*WHAT THE TASK ASKS:* Look through the material below. Return exactly the lines from the one with "一例として、2022年8月に" through the one with "Q: What size", both included.

*ENTRIES SUPPLIED:*
************

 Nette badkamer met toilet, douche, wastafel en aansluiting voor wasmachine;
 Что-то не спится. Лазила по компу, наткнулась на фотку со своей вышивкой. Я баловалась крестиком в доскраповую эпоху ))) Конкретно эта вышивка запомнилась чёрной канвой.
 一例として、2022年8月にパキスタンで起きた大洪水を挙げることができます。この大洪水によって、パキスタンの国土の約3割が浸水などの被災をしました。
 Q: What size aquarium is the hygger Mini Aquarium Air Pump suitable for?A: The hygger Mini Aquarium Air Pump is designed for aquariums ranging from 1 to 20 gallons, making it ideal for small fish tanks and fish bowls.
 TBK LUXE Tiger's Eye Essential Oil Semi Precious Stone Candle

************

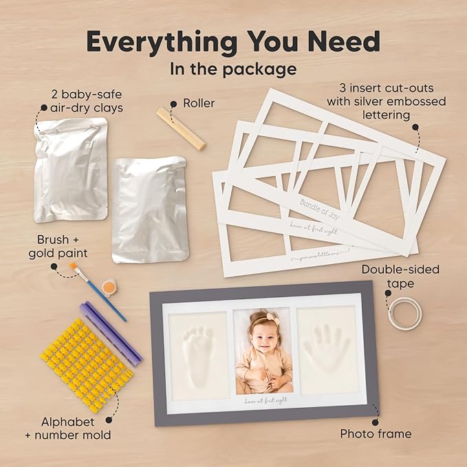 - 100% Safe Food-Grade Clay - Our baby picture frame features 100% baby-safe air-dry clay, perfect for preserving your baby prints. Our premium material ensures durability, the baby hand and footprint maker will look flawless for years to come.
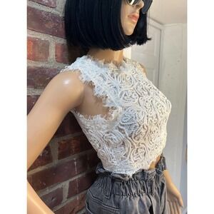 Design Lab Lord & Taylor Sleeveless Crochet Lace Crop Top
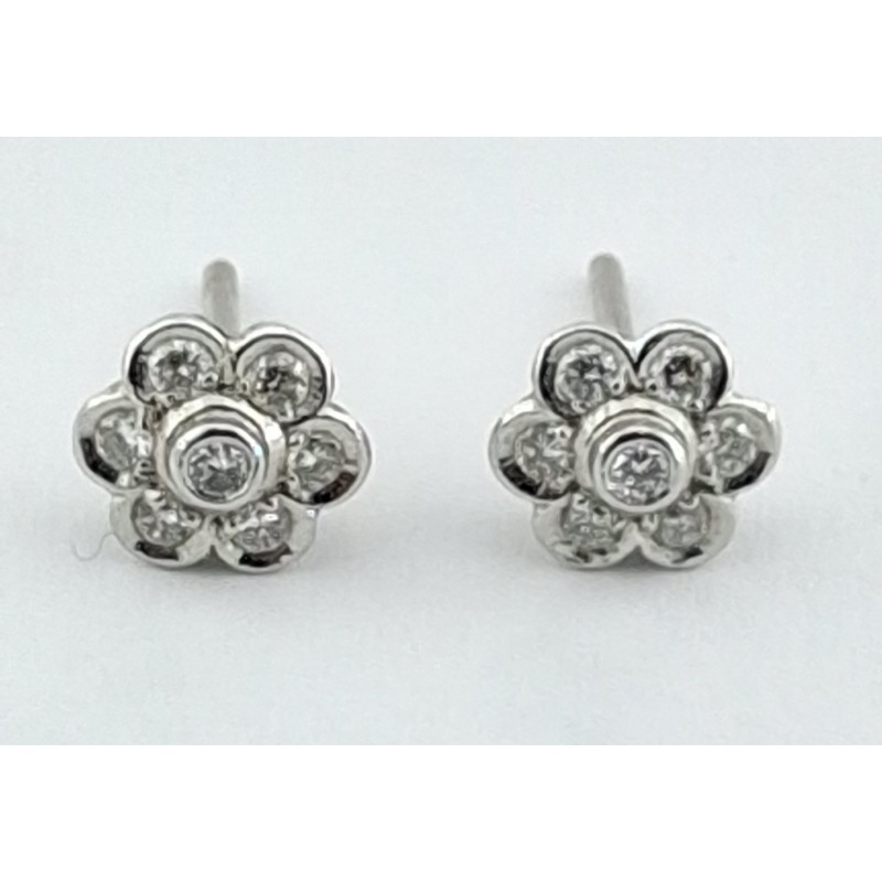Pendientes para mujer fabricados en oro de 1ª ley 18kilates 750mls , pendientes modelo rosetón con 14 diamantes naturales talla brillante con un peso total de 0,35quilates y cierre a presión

************

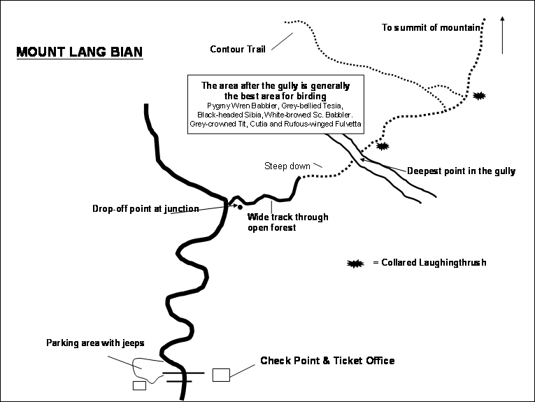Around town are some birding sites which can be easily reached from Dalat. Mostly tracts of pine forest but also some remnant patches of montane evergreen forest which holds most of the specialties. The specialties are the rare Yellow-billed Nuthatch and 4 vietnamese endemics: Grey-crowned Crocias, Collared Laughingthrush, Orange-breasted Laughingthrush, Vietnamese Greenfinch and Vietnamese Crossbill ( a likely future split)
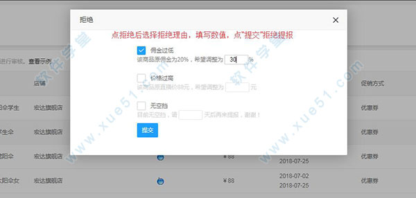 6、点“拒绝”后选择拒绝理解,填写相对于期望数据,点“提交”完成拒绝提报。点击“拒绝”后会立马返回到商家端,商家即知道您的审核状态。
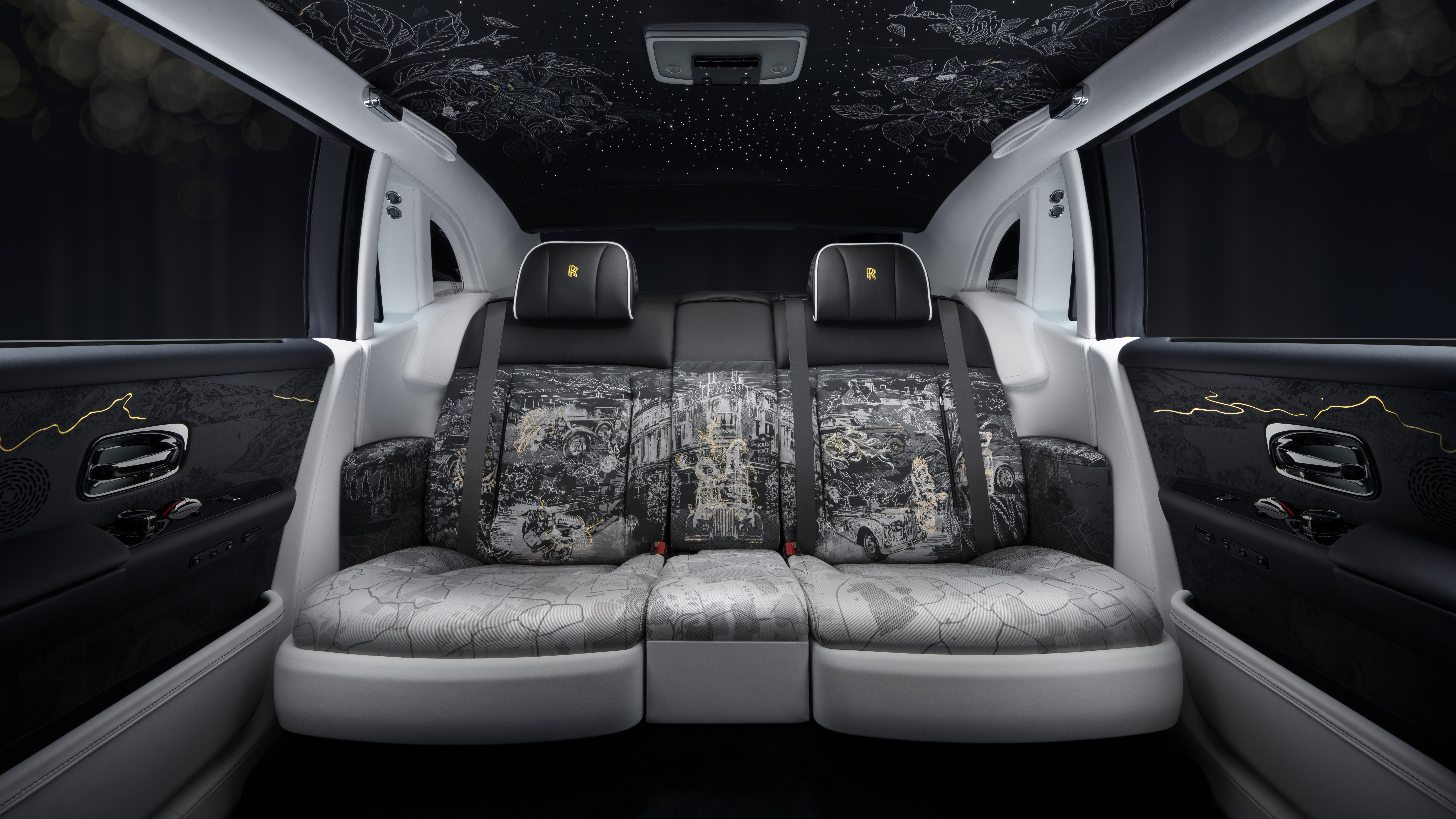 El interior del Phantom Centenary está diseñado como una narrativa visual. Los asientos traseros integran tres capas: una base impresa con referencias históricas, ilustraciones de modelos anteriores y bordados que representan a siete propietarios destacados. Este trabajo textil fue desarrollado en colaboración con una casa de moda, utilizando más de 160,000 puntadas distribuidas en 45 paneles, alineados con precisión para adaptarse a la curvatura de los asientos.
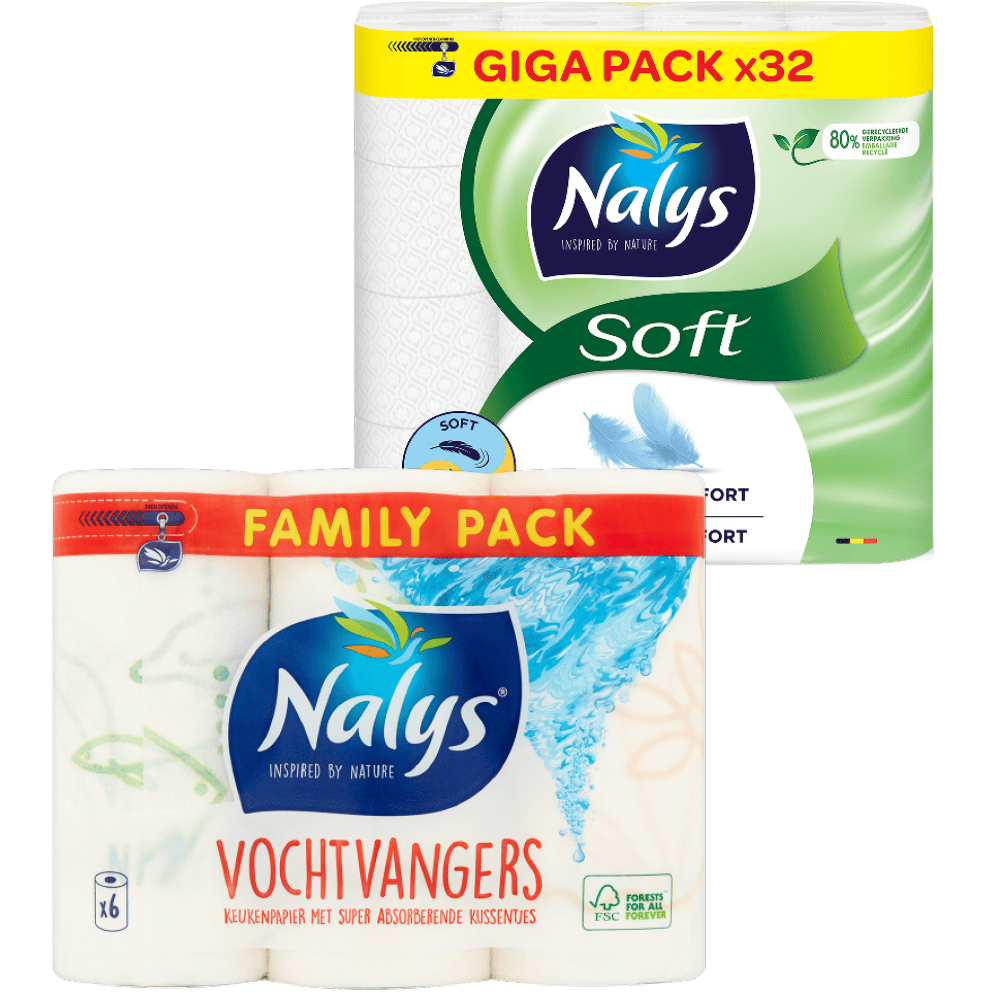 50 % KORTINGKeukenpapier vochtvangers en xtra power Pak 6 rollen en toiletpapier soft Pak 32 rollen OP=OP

************

*ANSWER TO THIS TASK:*
 一例として、2022年8月にパキスタンで起きた大洪水を挙げることができます。この大洪水によって、パキスタンの国土の約3割が浸水などの被災をしました。
 Q: What size aquarium is the hygger Mini Aquarium Air Pump suitable for?A: The hygger Mini Aquarium Air Pump is designed for aquariums ranging from 1 to 20 gallons, making it ideal for small fish tanks and fish bowls.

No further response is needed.